LA RICERCA DI SAPERE
In questi giorni si sta discutendo animatamente su come uscire dalla crisi sociale, economica e sanitaria provocata dalla pandemia. Ovviamente la risposta più immediata è: aumentare i soldi alla sanità. Il morbo si può sconfiggere con un sistema sanitario efficiente e capillare. C’è bisogno di più medici, di più infermieri di più personale addetto alla cura delle persone in difficoltà. C’è poco da discute su questa affermazione.
Ma non basta fare, bisogna conoscere. Cioè una società per essere più inclusiva, più produttiva, più efficiente deve avere una popolazione con una base culturale solida. Perché? La risposta, a mio parere, è che prendersi cura degli altri non può essere un atto meccanico. Bisogna saper condividere passioni, emozioni e dolori. Bisogna saper costruire una prospettiva di futuro felice per tutti. Ecco perché la scuola è importante. Non solo per conoscere le nozioni di letteratura, di matematica, di scienze e di lingua straniera, ma anche per costruire un processo di inclusione che permetta di porre le fondamenta di una comunità nazionale che vibra di comuni sentimenti, che palpita per comuni passioni. Passioni e sentimenti positivi. Mi spiego. Non ha alcun senso costruire una comunità sociale fondata sull’odio e risentimento. Certo avviene! Ma quando insultiamo, quando ci poniamo in assoluto inascolto dell’altro viene a mancare la base di convivenza sociale.
Ecco perché la scuola, e in generale anche l’istruzione di più alto livello (penso all’università), deve portare quel modello inclusivo, plurale, quel senso di rispetto verso l’altro che nel nostro vivere quotidiano manca. Ecco a cosa dovrebbero servire i fondi UE diretti alla scuola. Per porre le basi di una istruzione, ovviamente, sicura anche dal punto di vista sanitario (non si va a scuola per contrarre il corona virus o altre malattie), ma anche per porre le basi di una società fondata sul sapere, sulla competenza e sulla possibilità di dialogare. Troppo spesso nella quotidianità è fatta di prese di posizione assolute, bisogna provare a fare una rivoluzione copernicana, capire che la dialettica dialogica è il fondamento della vita relazionale. Ci possiamo provare. Possiamo provare a cambiare il punto di vista teleologico che fonda la nostra quotidianità.
Bisogna che la scuola si attrezzi, già lo fa adeguatamente, ma non deve accontentarsi e puntare di più sui bimbi, su tutti i bimbi, per costruire un modello di insegnamento in cui nessuno sia escluso. Penso a modelli di inclusione nelle aule scolastiche, di bambini con disabilità.

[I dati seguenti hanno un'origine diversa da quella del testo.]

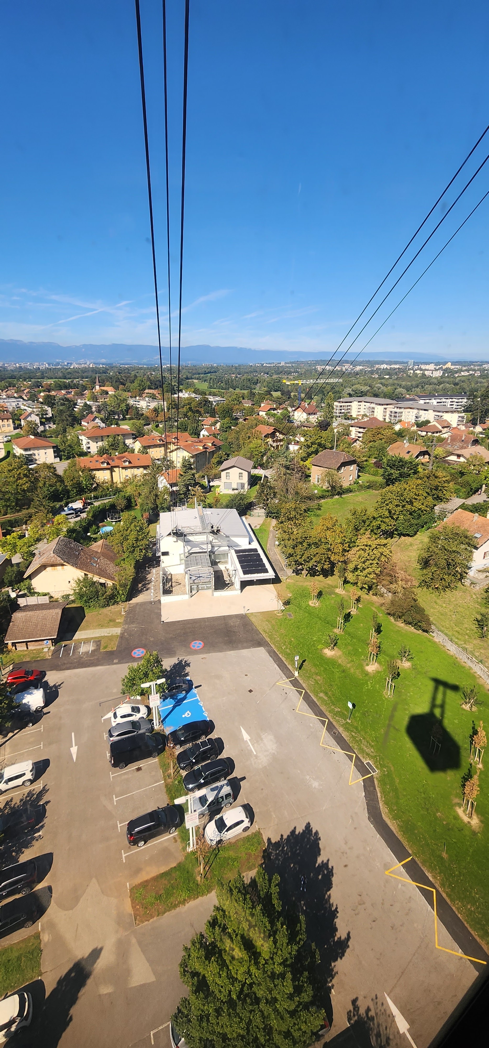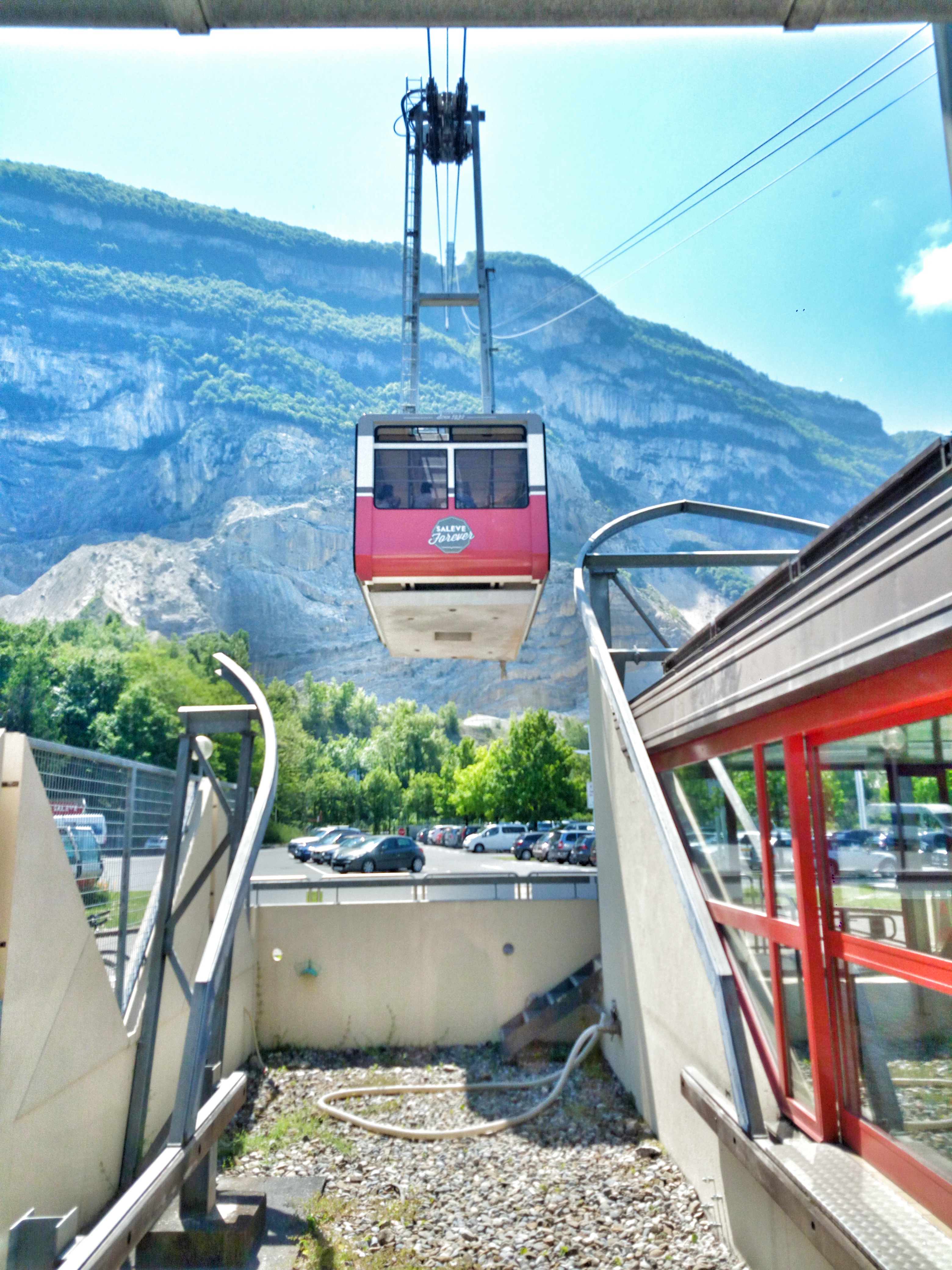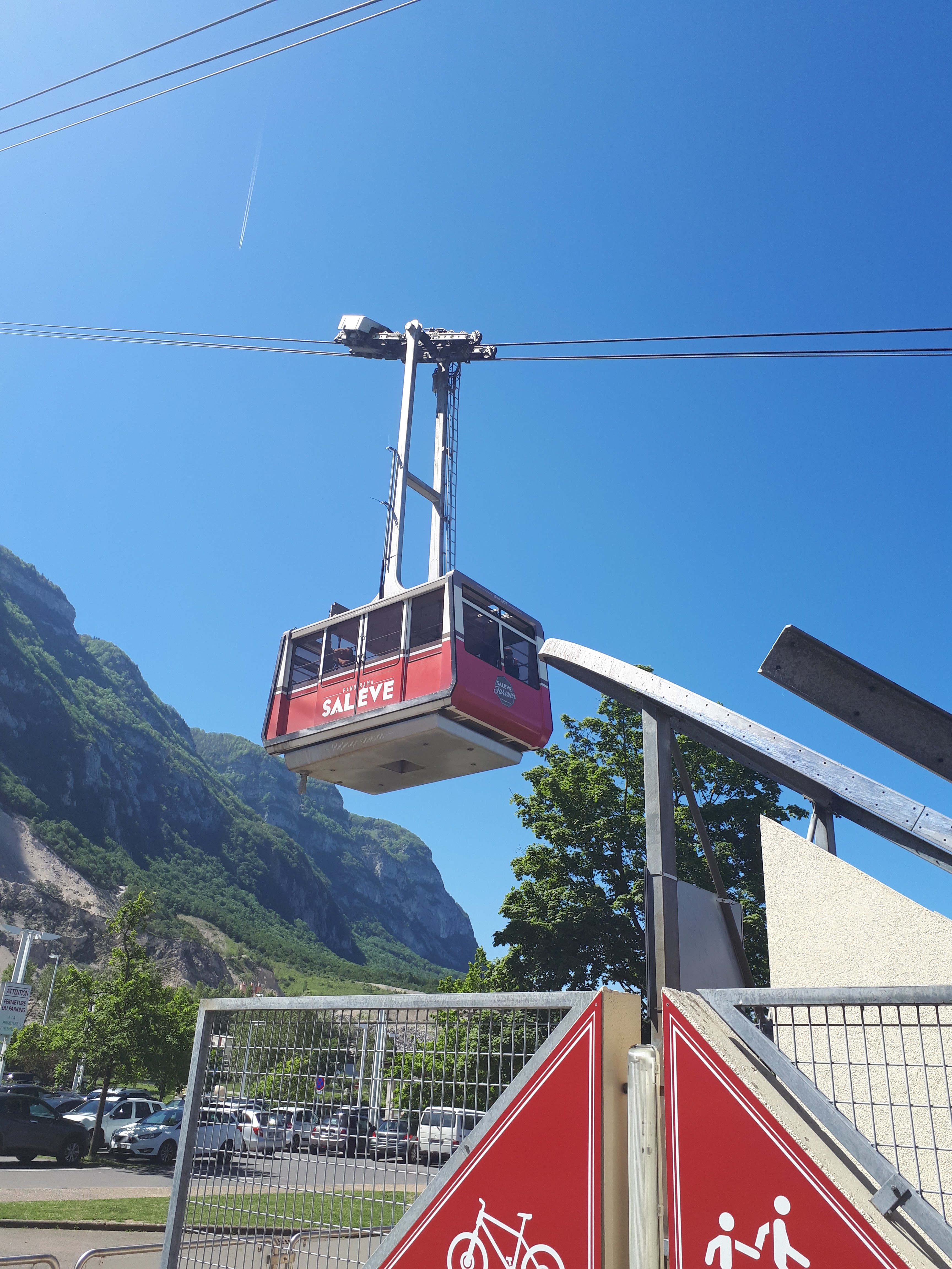 Parking gratuit au pied du téléphérique. Employés sympa. Pas d'attente . Le trajet ne fait pas peur , même pour ceux qui ont le vertige. Très belle vue sur le Salève et Genève . Je recommande
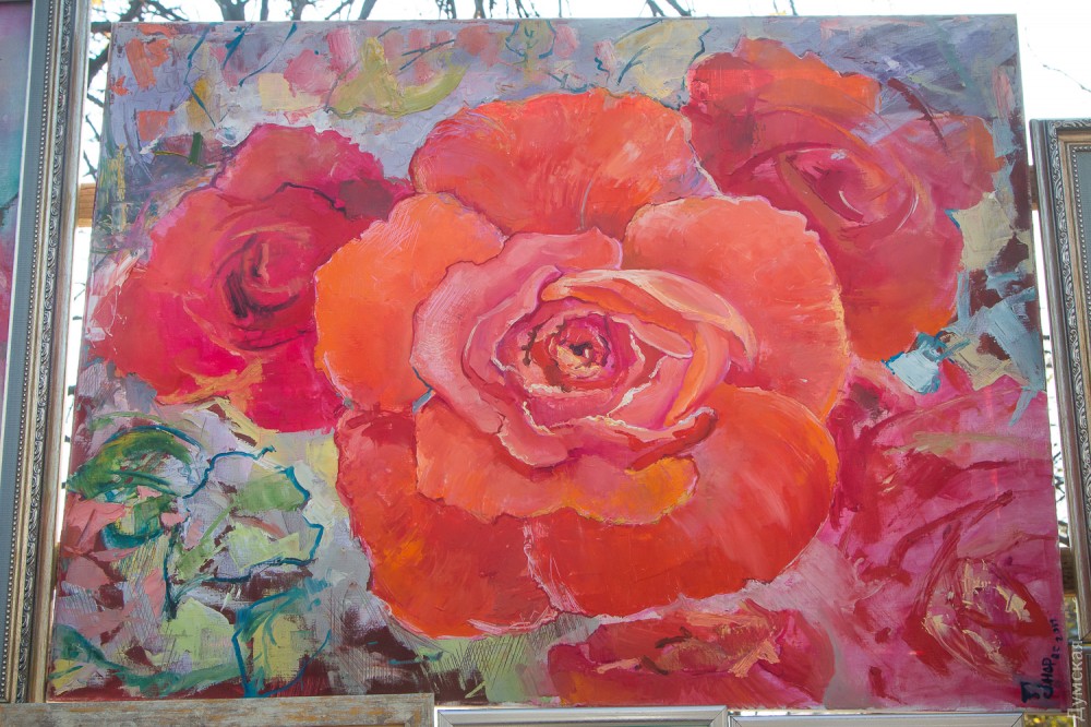 - Похолодало, так что же, будем работать, мы уже привыкли, — улыбается Ольга Валентиновна. – Водкой не греемся, греют чай, кофе и взаимовыручка! Нас часто благодарят родители с детьми за то, что остаемся бесплатным музеем под открытым небом, говорят: «Слава Богу, дышит еще город искусством!». Не каждый сегодня может купить билет в музей, а без денег туда можно зайти только в первый день работы выставки… Мой сын творит дома, а я как настоящая одесская мама пропагандирую его творчество. Он у меня – участник многих выставок и конкурсов, Рита Колобова приглашает его для экспозиций «Времена года» в Воронцовском дворце. Сейчас готовимся к новому международному конкурсу, у сына свой сайт. Слабенько покупают картины, конечно, тяжело стали люди жить…
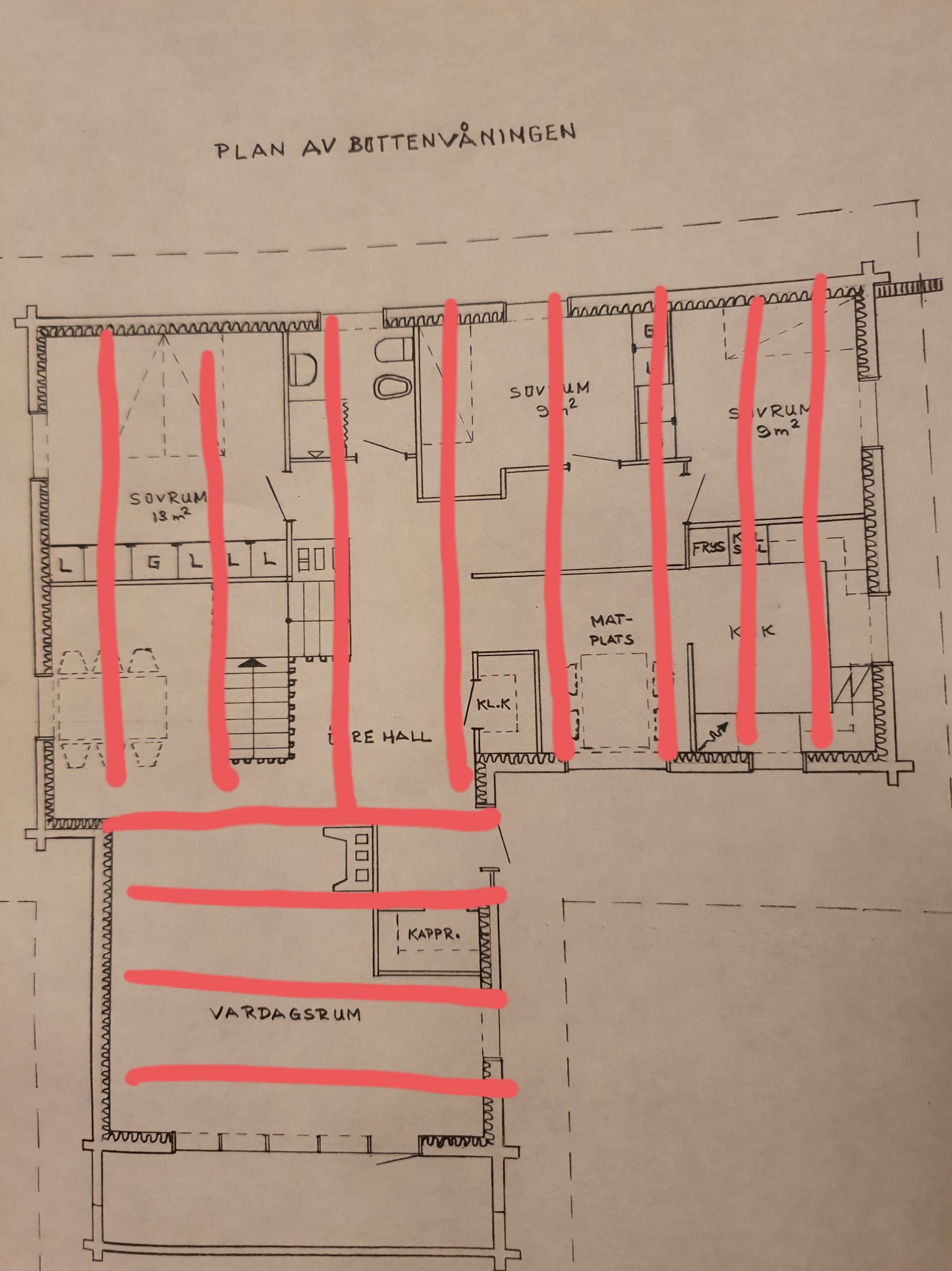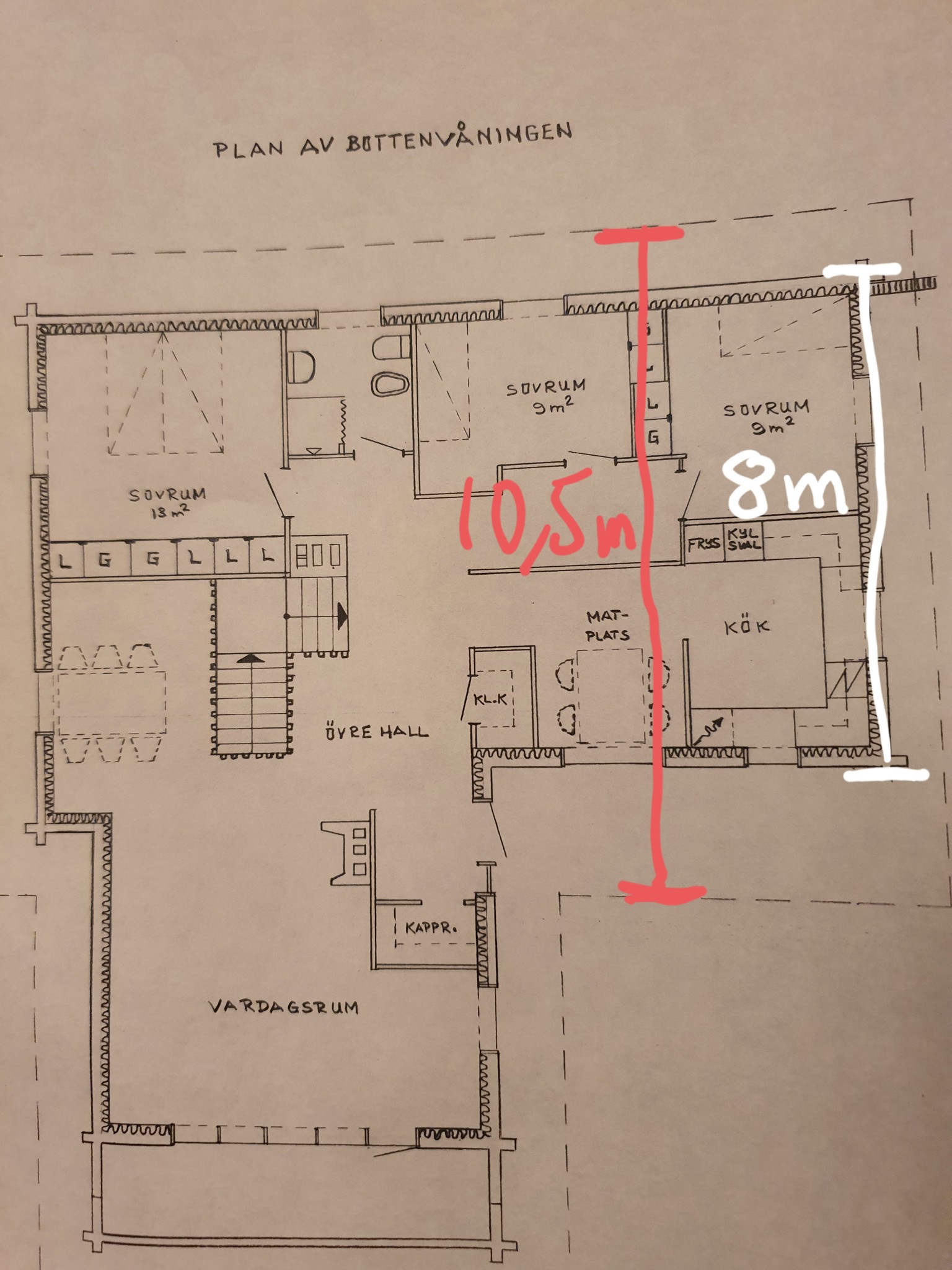 Okok, jo det är precis min känsla också.L Leafy skrev:Jag skulle rent spontant anta att den enda avväxlingen du har i huset ligger där takstolarna byter riktning och att du skulle kunna plocka bort alla väggar invändigt för att få en jätteöppen planlösning. Jag har nämligen samma typ av fackverkstakstolar i mitt hus och jag fick göra en avväxling när jag tog bort en vägg där du redan idag har öppet som ritning visar. Jag har därefter rivit ett par väggar invändigt och byggt upp nya för att få en planlösning som passar oss.
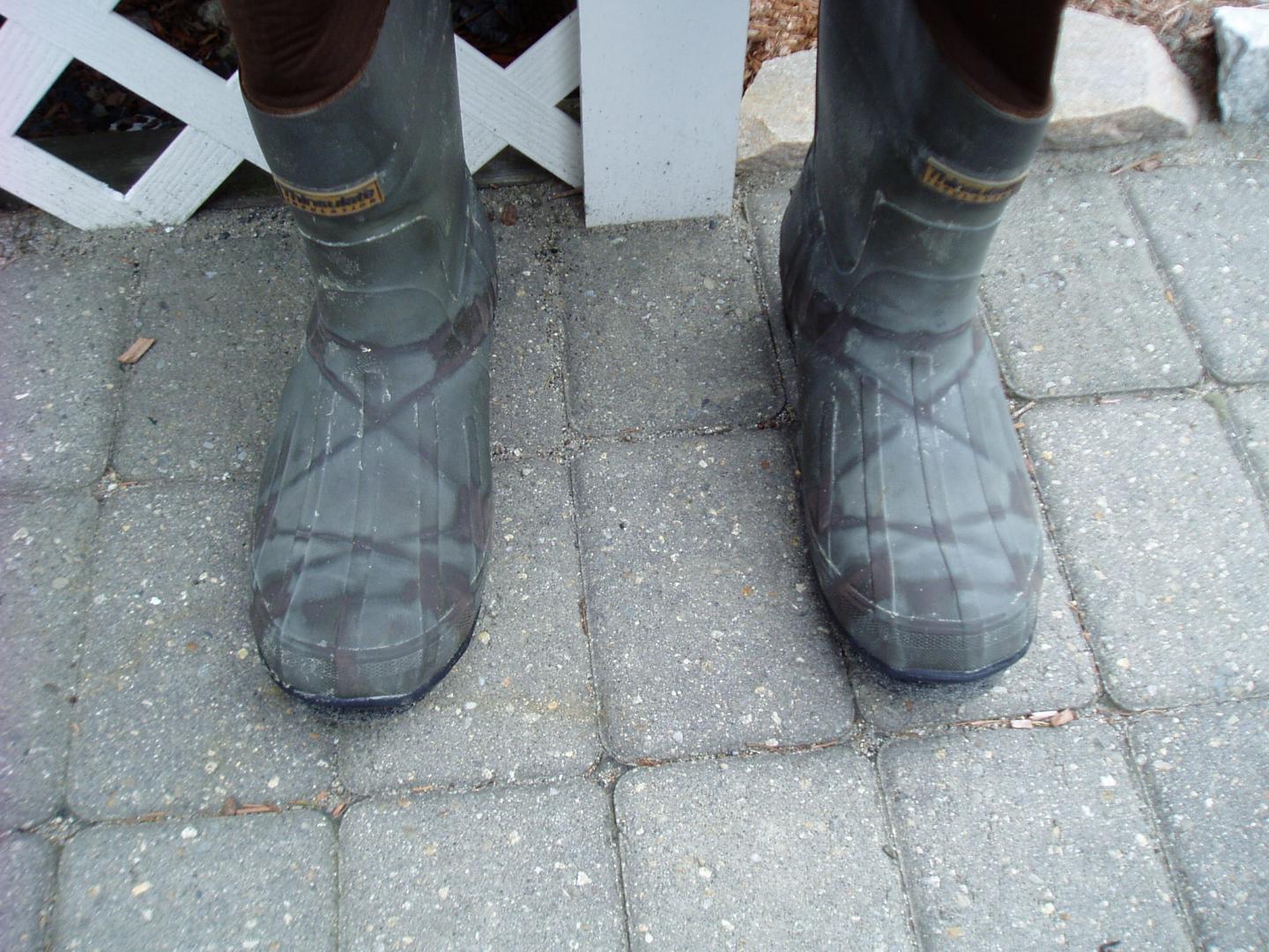 these are felt sole waders, size 9 boot medium. excellent condition, with absolutely no leaks! the boots have darker patches on them from korkers ( see pics) only worn in late fall season.$45.00.
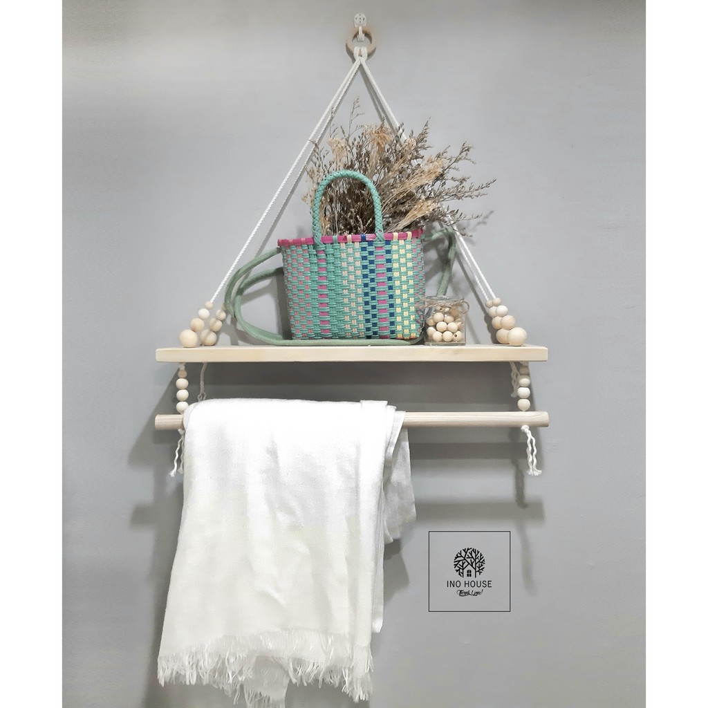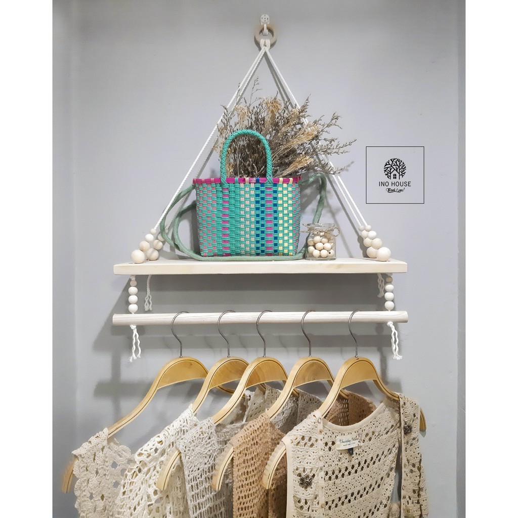 Kệ treo trang trí nội thất có thể dùng cho các không gian phòng khách, phòng ngủ, shop, homestay, treo chậu cây trang trí...rất xinh và dễ dùng, dây treo rất chắc chắn. kệ kết hợp với thanh treo có thể phối hợp máng thêm nhiều vật dụng trang trí, khăn, móc đồ....Chất liệu:
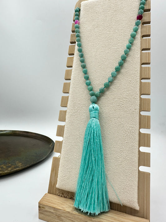 MALA CON AMAZZONITE E AGATA STRIATA FUCSIA
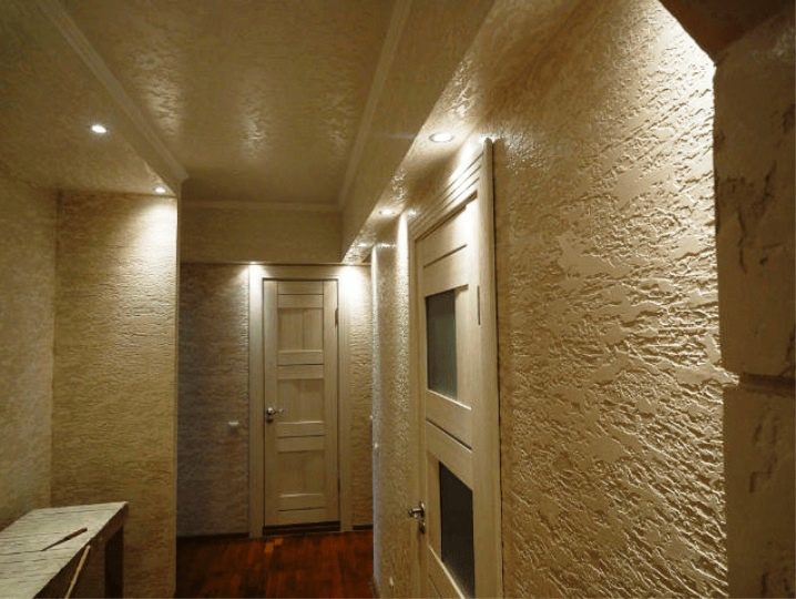 Les "scolytes" sont souvent utilisées pour la décoration intérieure, en particulier lorsqu'il s'agit d'installations commerciales: bureaux, écoles, jardins d'enfants. Cela est dû au prix raisonnable de la composition et du coût du travail d’application. Comme indiqué ci-dessus, pTravailler avec un tel plâtre est facile, alors les services des ouvriers coûtent un peu cher.

L’Italia è già modello mondiale di questo approccio all’insegnamento a bambini diversamente abili. Ma bisogna fare ancora di più. Perché crescere insieme, non solo fa bene alle persone speciali, il mio non vuole essere un eufemismo ma una forte convinzione, ma anche ai loro compagni che la scienza e la dialettica euristica, con tonalità forse non adeguate, chiama “normodotati”. Costruire una classe in cui tutti abbiano un ruolo nel cammino di conoscenza comune è una vittoria fondamentale per tutti. Lo stesso ragionamento vale per bimbi figli di genitori non di madre lingua italiana, le difficoltà di dialogo possono essere superate, ponendo il fondamento di un modello di istruzione nuovo e più efficace. La diversità pone le basi per una conoscenza non pedante e fondata sulla memorizzazione dei dati, ma basata sull’analisi della complessità dei fatti e delle tesi lette e studiate.
Insomma puntare sulla ricerca e sulla attività pedagogica può essere salutare come il prendersi cura dei degenti. La scuola è uno strumento fondamentale per difendersi. Per trovare uno scudo davanti alle dicerie, ai luoghi comuni, che oggi vendono denominati fake news, e così avere un’idea per comprendere pienamente la realtà che ci circonda. La scuola fa bene anche a noi adulti. I fantasmi che annebbiano la nostra mente possono essere dipanati ponendo orecchio alla ricerca euristica dei nostri figli, dei nostri piccoli. Cambiare la società è possibile mettendo al centro della vita socio culturale la scuola. Bisogna ripartire, bisogna riprendere a conoscere.